Not sure when exactly she is due b/c she was bred when I got her and the seller wasn't sure. Could be anywhere from April 27-June 25. 

I will try to get a picture of what I mean...


----------



## oakshirefarms (Jul 5, 2013)

Yes, normal. Means she's closer for delivery.


----------



## LoriH (Jan 12, 2014)

*Pictures*

here are a couple pictures


----------



## kccjer (Jan 27, 2012)

Yep. She's getting close. That's what is known as "dropping"


----------



## LoriH (Jan 12, 2014)

ok thanks.
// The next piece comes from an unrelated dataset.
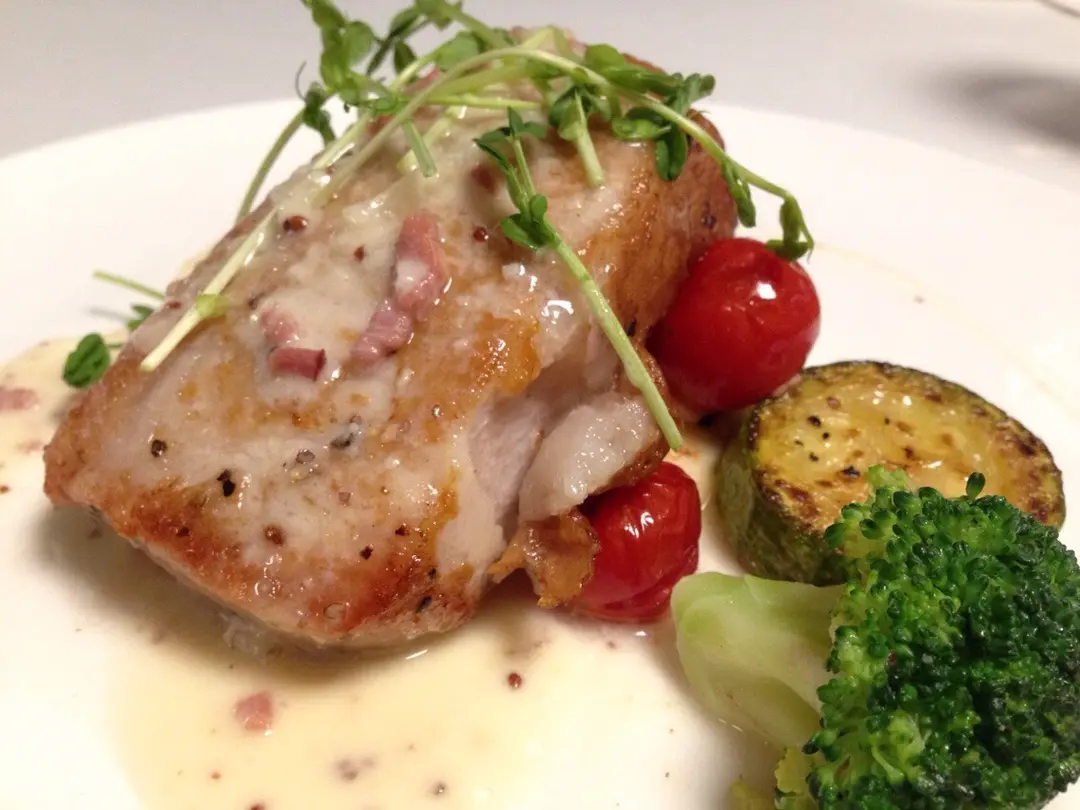香煎豬扒伴薯蓉煙肉汁

How exciting!!!!!!!! Any vague idea as to how long??? Best guess???


----------



## BCG (Jun 30, 2012)

She should kid within 24 hours. I'd say sooner than later.  Good luck!


----------



## toth boer goats (Jul 20, 2008)

Yep, Happy kidding


----------



## LoriH (Jan 12, 2014)

yikes that rockets the excitement and FEAR up a notch!!!!! Thanks all.


----------



## happybleats (Sep 12, 2010)

happy Kidding!


----------



## kccjer (Jan 27, 2012)

Any news?


----------



## LoriH (Jan 12, 2014)

No nothing!!! She is just laying around....


----------



## kccjer (Jan 27, 2012)

LOL yep, that's how it works! We get all excited and they decide to wait a few more days or weeks or months! Well, maybe not months....but you get the picture.


----------



## happybleats (Sep 12, 2010)

yep..they like to get things done in their own timing...is her girly parts soft and baggy? udder full and tight? Ligs Mushy?


----------



## MsScamp (Feb 1, 2010)

LoriH said:


> No nothing!!! She is just laying around....
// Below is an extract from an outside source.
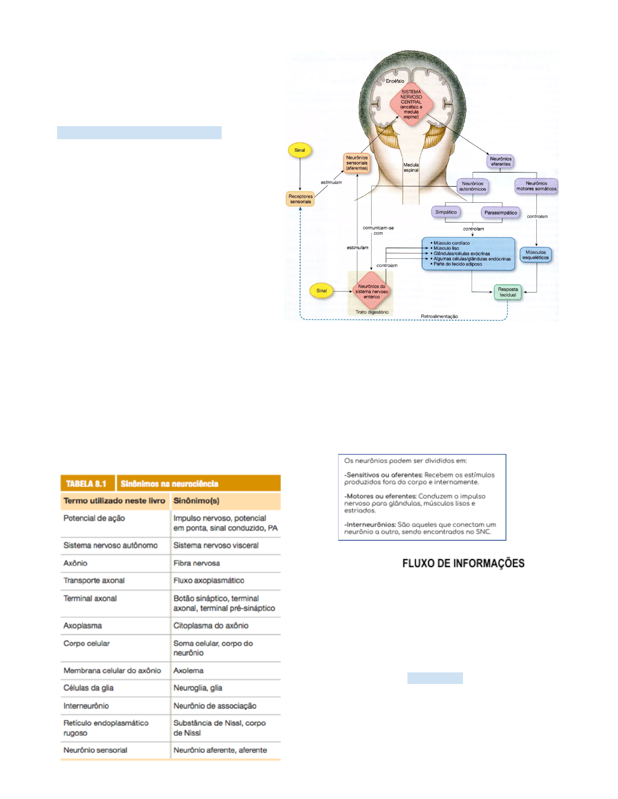 Isadora Freire Fisiologia do Sistema Nervoso NEURÔNIOS: CÉLULAS E REDE PROPRIEDADE EMERGENTE “São processos que não podem ser previstos a partir do conhecimento que temos sobre as propriedades individuais das células nervosas e suas conexões.” • A capacidade de funcionamento não está ligada a quantidade de neurônios e sim de conexões. Consciência, inteligência e emoções Consciência: ciência do próprio corpo (tudo o que a gente sente) Inteligência: capacidade de processar, memória. Habilidade de sentir, processar o sentimento e reagir. Emoções: resposta ao meio, exteriorizar o que o cérebro recebe (forma como processamos) Recebe a informação processa baseada na memória responde baseado nas emoções Sistema Nervoso Central (encéfalo e medula espinal) = processa, coordena (memória) Grupo de neurônios que tem memórias Memória = estímulo, sinapse (neurônio conduz sinapse) - memória voluntária - memória involuntária ESTÍMULO → receptor sensorial → sinal de entrada → CENTRO INTEGRADOR → sinal de saída → efetor → RESPOSTA • Receptores sensoriais monitoram condições internas e externas • Neurônios sensitivos enviam informações para SNC (centro integrador – processar) • Quando é necessário uma resposta … SNC usa neurônios eferentes (motores) para células “alvo” (músculos e glândulas) • Neurônios eferentes autônomos são divididos em Simpático e Parassimpático • (3º. Sistema): S. N. Entérico – rede na parede do TGI Neurônio e Glia (células suporte) • Neurônios são classificados pela suas estruturas (números de processos originados do corpo celular) ou pela suas funções • Agrupamentos de longos axônios formam nervos, podem ser nervos sensoriais, nervos motores e nervos mistos. Corpo celular (ou soma): possui núcleo (DNA - molde para síntese proteica) e organelas para atividades celulares Dendritos: recebem informações aumentando a superfície de contato Espinhos dendríticos: recebe informações de entrada e transfere para uma região integradora dentro do neurônio. No SNC podem enviar informações porque contém polirribossomos (produzem proteínas) Axônios: conduzem sinais de saída, no terminal pode conter mitocôndrias, vesículas membranosas ou junções comunicantes • Citoplasma é composto por fibras e filamentos Transporte lento: do corpo celular para terminal, componentes que serão consumidos rapidamente (enzimas e proteínas) Transporte rápido: Anterógrado: vesículas e mitocôndrias Retrógrado: componentes celulares velhos • Composto por Pré, Pós e Fenda sináptica • Podem ser químicas ou elétricas “Como neurônios encontram seus alvos e fazem sinapse?” R: sinais químicos controlam a diferenciação de células tronco em neurônios e atraem os cones de crescimento (pontas especializadas) *A extremidade em desenvolvimento do axônio (em azul) é uma região achatada, repleta de microtúbulos (em verde) e filamentos de actina (em vermelho e amarelo), que, continuamente, une as suas porções distais, entendendo a ponta do axônio enquanto ele procura o seu alvo • A formação da sinapse deve ser seguida de atividade elétrica ou química se não desaparecerá (depende de fatores neurotróficos) – “use ou perca” • O número de células e sua localização são fixas porém as sinapses não, rearranjos ocorrem por toda vida. Células da Glia (suporte aos neurônios) • Comunica-se entre si e com neurônios fornecendo suporte físico e bioquímico (tróficos) • SNP – células de Schwann e Satélites • SNC – células oligodendrócitos, microglia, astrócitos e células ependimárias Bainha de Mielina (suporte aos neurônios) • Células de Schwann (SNP) e oligodendrócitos (SNC) • Formado por várias camadas de membrana celular (fosfolipídeos) • Junções comunicantes permitem fluxo de nutrientes e informações • Suporte físico, isolante e acelera condução Bainha de Mielina • Possui duas funções: - acelera a condução de impulsos pelo axônio - isola o axônio, menor interferência Exemplo: neurônios que saem da coluna e vão contrair o dedão do pé (neurônio motor somático) - O corpo do neurônio está na medula, sai o axônio, passa pela cintura, coxa, joelho até o dedão. - Supondo que tenha feito um exercício de quadríceps (acúmulo de ácido láctico), em que o lado de fora do neurônio está cheio de H+, o axônio passa por meio desse músculo cheio de ácido láctico (muda ambiente). - Se não tem bainha de mielina, a condução é interferida (pode encher de hidrogênio o músculo) - Ausência de bainha de mielina pode gerar tremores e não movimentos SNP Células de Schwann: um axônio pode possuir mais de 500 células, formando nódulos de Ranvier (entre uma célula a outra – área não mielinizada - permite transmissão de sinais elétricos) Se enrola ao redor do axônio e forma bainha de mielina Células satélite: formam cápsulas de suporte físico, químico e eletrofisiológico ao redor dos corpos dos neurônios localizados nos gânglios (são agrupamento de corpos celulares dos neurônios fora do SNC) SNC Oligodendrócitos: formação da bainha de mielina, uma célula atua em vários axônios. - Enrola no axônio também, mas como uma forma de sustentação (estrutura para deixar ele parado) Astrócitos: cerca de metade das células do encéfalo, formam uma rede usando as junções comunicantes, várias funções. Microglia: células do sistema imune, removem células danificadas e invasoras (bom) e libera ERO (espécie reativas de oxigênio) que formam radicais livres (neurodegenerativas – restos do metabolismo que usa oxigênio, causa alterações na membrana das células, degenera) • Células ependimárias: garante a movimentação do líquido cefalorraquidiano e forma uma camada epitelial fornecedora de células-tronco. Atividades que lesionam o SNC • Atividades por aceleração: boxe, piloto f

I really thought I had this kidding stuff figured out last year. Every single doe(20 total) kidded within 12 to 24 hours of dropping their kids. This year? Nope - not a single doe did the same thing. I give up. I now only get excited when I see 2 feet and a nose - or some combination of that - sticking out of her rear. :hair: :wallbang:


----------



## BCG (Jun 30, 2012)

LOL. That seems to be how it works....once you figure it out, they change all the rules


----------



## MsScamp (Feb 1, 2010)

Can't you just see them having a pow wow at 4 AM brainstorming on how to further confuse us?


----------



## LoriH (Jan 12, 2014)

happybleats said:


> yep..they like to get things done in their own timing...is her girly parts soft and baggy? udder full and tight? Ligs Mushy?
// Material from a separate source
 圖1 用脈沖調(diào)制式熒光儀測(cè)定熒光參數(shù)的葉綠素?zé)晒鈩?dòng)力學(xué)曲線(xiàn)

girly parts soft and baggy, utter is filling but not full or tight yet, ligs are mushy. And we wait. Afraid to leave the house for any length of time. I can check the camera feed on my phone though so that helps with the peace of mind part but NOT the patience. :eyeroll:


----------



## happybleats (Sep 12, 2010)

I hear ya..I have one due Saturday but all ready ligs are gone..bag has softened from that FF little hard first udder...rear soft and her 1/2 sister kidded Sunday, a whole week early!! and to top this off I have to be there and pull the kids..this is the Saanen doe we bought untested...took a chance and ended up CAE positive...so I have to get the kids before mom does...(then mom goes to a new CAE positive home) so sleep?? nope I dont think so lol..


----------